Your conclusion is correct but to be clear the memory is not "fused." It's soldered close to the main processor. Not even a Package-on-Package (two story) configuration.

See photo without heatspreader here: https://wccftech.com/apple-m2-ultra-soc-delidded-package-siz...

bustling-noose 473 days ago

I think by fuse I mean't its stuck on to the SOC module, not part of the SOC as I may have worded. While you could maybe still add NANDs later in the manufacturing process, it's probably not easy, especially if you need more NANDs and a larger module which might cause more design problems. The NAND is closer cause the controller is in the SOC. So the memory controller probably would also change with higher memory sizes which would mean this cannot be a last minute change.

fennecfoxy 471 days ago

Sheesh, the...comments on that link.

nightski 475 days ago

$10k to run a 4 bit quantized model. Ouch.
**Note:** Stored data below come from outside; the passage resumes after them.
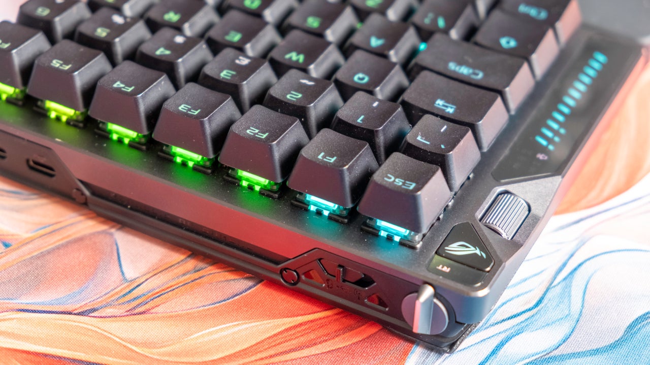 Το ROG Falcata είναι ένα πληκτρολόγιο 75% που αποτελείται από δύο μισά, συνδεδεμένα με ένα καλώδιο USB-C. Κάθε μισό διαθέτει ενσωματωμένο μαξιλάρι παλάμης, προσδίδοντας στο σύνολο μια τετράγωνη όψη, αν και αυτά μπορούν να αφαιρεθούν. Η σχεδίαση είναι σχετικά κοινή, με πλήκτρα λειτουργιών στο πάνω μέρος, βέλη στη δεξιά κάτω γωνία και έναν τροχό έντασης στην άνω αριστερή γωνία. Η μοναδική λωρίδα φωτισμού LED δείχνει τη ρύθμιση της έντασης και της φωτεινότητας του πληκτρολογίου, προσφέροντας χρήσιμες πληροφορίες.
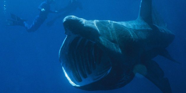Гигантская акула кормится. Она не может укусить, потому что у неё нет зубов
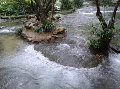 水上森林又名瑶池。灌木丛生的树林中,清澈的河水穿梭而流,到处是古藤缠绕,绿荫绕绕。
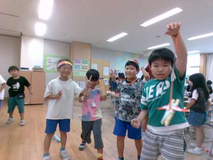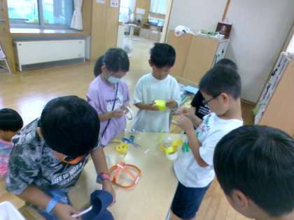 色紙や画用紙を細長く切り、輪っかを作って着飾っています。「悪い人を逮捕する手錠を作ったよ」「雷の神様になれる帽子を作ったよ」など、各々がイメージを膨らませながら楽しく活動しています。
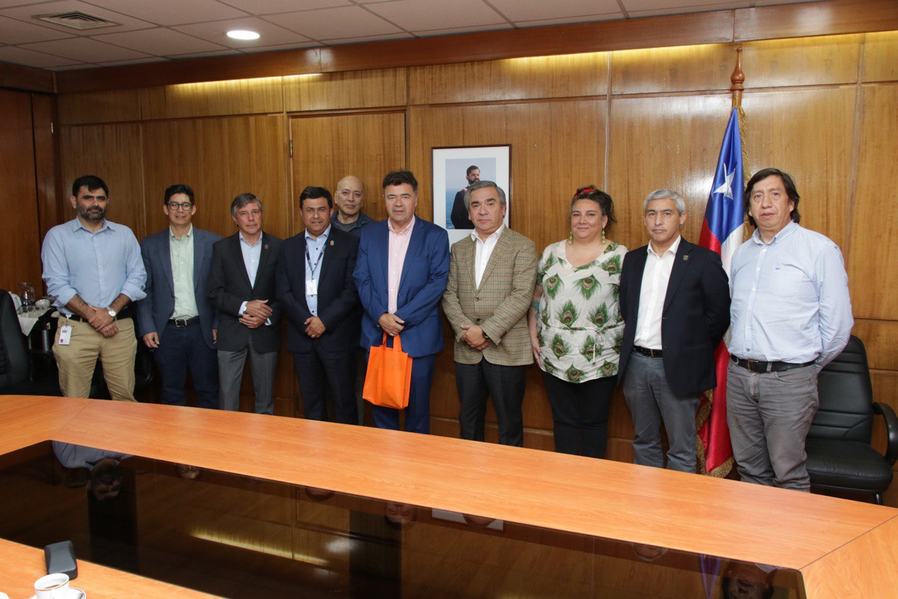 Con el propósito de diseñar en conjunto planes de educación técnica del área agrícola que satisfagan las necesidades del mercado y de las y los estudiantes de la región de O’Higgins, el ministro de Agricultura, Esteban Valenzuela, junto al subsecretario, José Guajardo Reyes, recibieron al rector del Centro de Formación Técnica (CFT) estatal de la Región de O’Higgins, Octaviano Torres; su director académico, Edison Díaz y el subdirector de Planificación y Desarrollo Institucional, Luis Olguín.

OriginalMrPink 475 days ago

That's today. What about tomorrow?

water9 475 days ago

The M4 MacBook Pro 128GB can run a 32B perimeter model with an 8 bit quantized model just fine

jrflowers 474 days ago

> they specifically built this M3 Ultra for DeepSeek R1 4-bit.
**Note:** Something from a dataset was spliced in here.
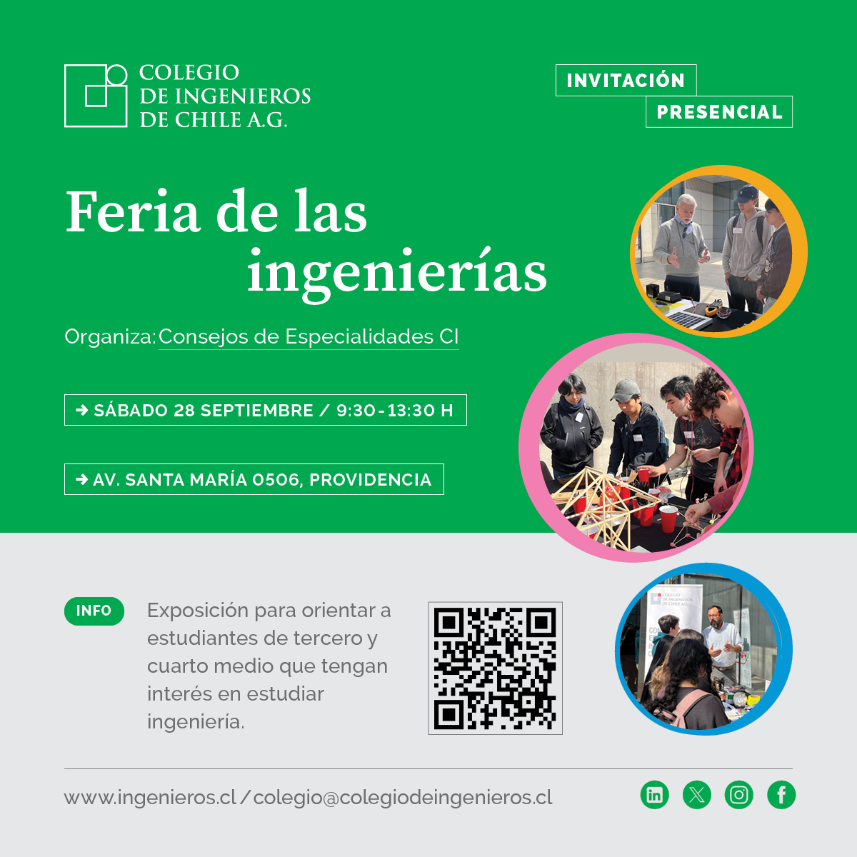 Desde ya, extendemos la invitación a todos los estudiantes de tercero y cuarto medio interesados en la ingeniería a participar en la tercera versión de la Feria de las Ingenierías, que se realizará el último sábado de septiembre de 2025. Será una oportunidad única para seguir explorando el fascinante mundo de la ingeniería y descubrir las posibilidades que ofrece para su futuro.

This makes sense. They started gluing M* chips together to make Mac Studios three years ago, which must have been in anticipation of DeepSeek R1 4-bit

a1o 475 days ago

Any ideas on power consumption? I wonder how much power would that use. It looks like it would be more efficient than everything else that currently exists.

j45 475 days ago

Looks like up to 480W listed here

https://www.apple.com/mac-studio/specs/

a1o 475 days ago

Thanks!!

ryao 475 days ago

The M2 Ultra Mac Pro could reach a maximum of 330W according to Apple:

https://support.apple.com/en-us/102839

I assume it is similar.

drited 476 days ago

I would be curious about context window size that would be expected when generating ballpark 20 to 20 tokens per second using Deepseek-R1 Q4 on this hardware?